▶ [PROBLEM TO WORK ON]: Carry none of the pictures over; write out the complete data exactly.

▶ [DATASET SECTION]:
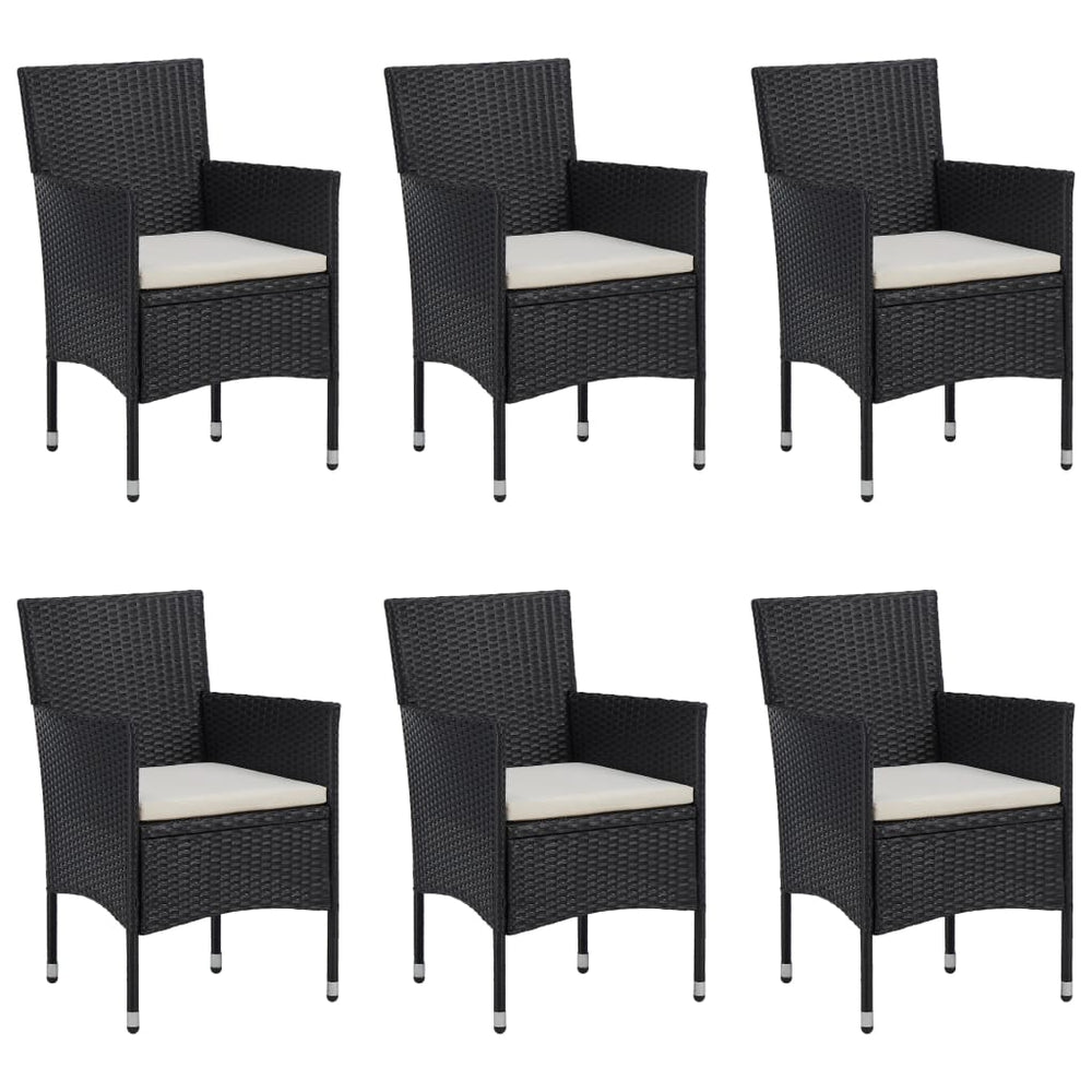 De eettafel is gemaakt van massief acaciahout, waardoor hij stevig en stabiel is. Het met olie afgewerkt oppervlak maakt de tafel geschikt voor buitengebruik. De eetstoelen hebben een stalen frame bedekt met weerbestendig PE-rattan, waardoor ze stevig en eenvoudig te reinigen zijn. De dik gevoerde kussens bieden extra zitcomfort.
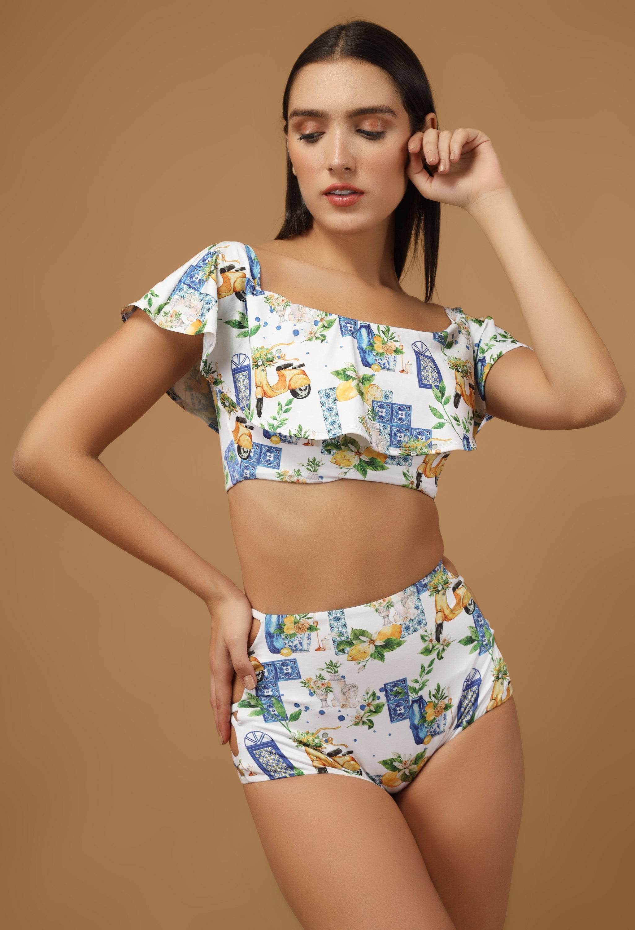 A Moroccan-inspired white two-piece swimsuit with playful ruffles and chic cutwork detailing the perfect mix of fun and flattering for your next vacation.
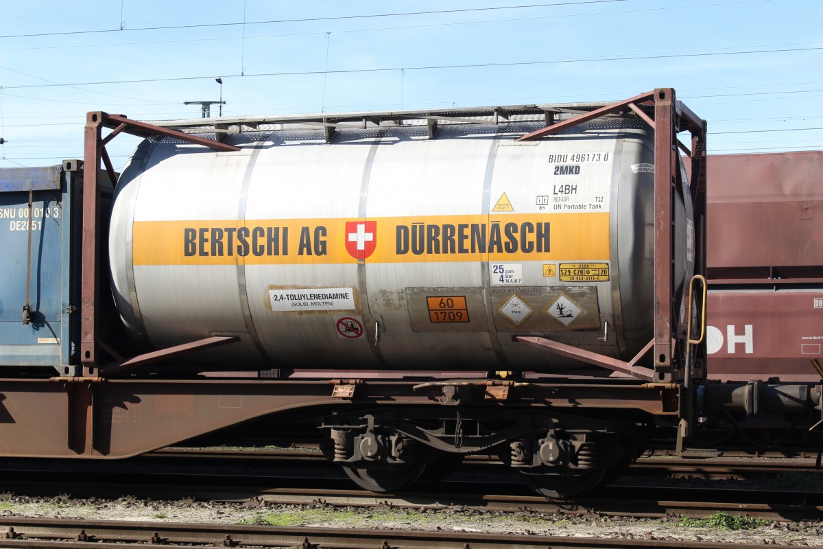 Detailaufnahme von einem Containertragwagen Sgns mit einem aufgesetzten Tankcontainer der schweizer Bertschi AG. Das Ladegut 2,4-Toluylendiamin(Warntafel 60/1709) ist ein wichtiges Zwischenprodukt zur Herstellung von Kunst- und Farbstoffen. Der Wagen war am 18.10.2014 in einen abgestellen Chemikalienzug im Güterbahnhof Köln-Eifeltor eingereiht.
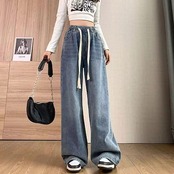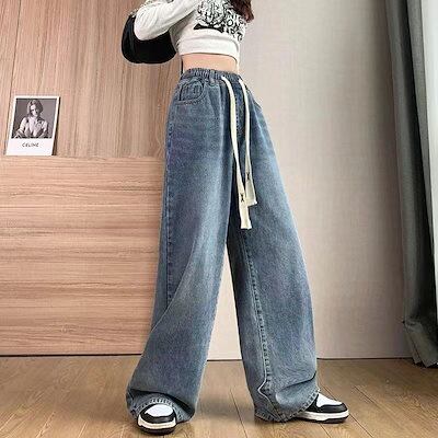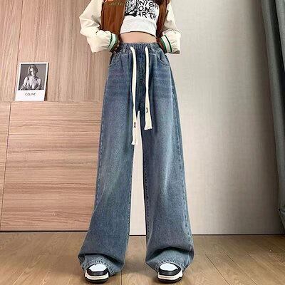 ハイウエスト小柄フロアレングスワイドレッグパンツ2024 ルーズスリミング弾性ウエストストレートレッグジーンズ女性用

▶ [YOUR RESPONSE]:
 De eettafel is gemaakt van massief acaciahout, waardoor hij stevig en stabiel is. Het met olie afgewerkt oppervlak maakt de tafel geschikt voor buitengebruik. De eetstoelen hebben een stalen frame bedekt met weerbestendig PE-rattan, waardoor ze stevig en eenvoudig te reinigen zijn. De dik gevoerde kussens bieden extra zitcomfort.
 A Moroccan-inspired white two-piece swimsuit with playful ruffles and chic cutwork detailing the perfect mix of fun and flattering for your next vacation.
 Detailaufnahme von einem Containertragwagen Sgns mit einem aufgesetzten Tankcontainer der schweizer Bertschi AG. Das Ladegut 2,4-Toluylendiamin(Warntafel 60/1709) ist ein wichtiges Zwischenprodukt zur Herstellung von Kunst- und Farbstoffen. Der Wagen war am 18.10.2014 in einen abgestellen Chemikalienzug im Güterbahnhof Köln-Eifeltor eingereiht.
 ハイウエスト小柄フロアレングスワイドレッグパンツ2024 ルーズスリミング弾性ウエストストレートレッグジーンズ女性用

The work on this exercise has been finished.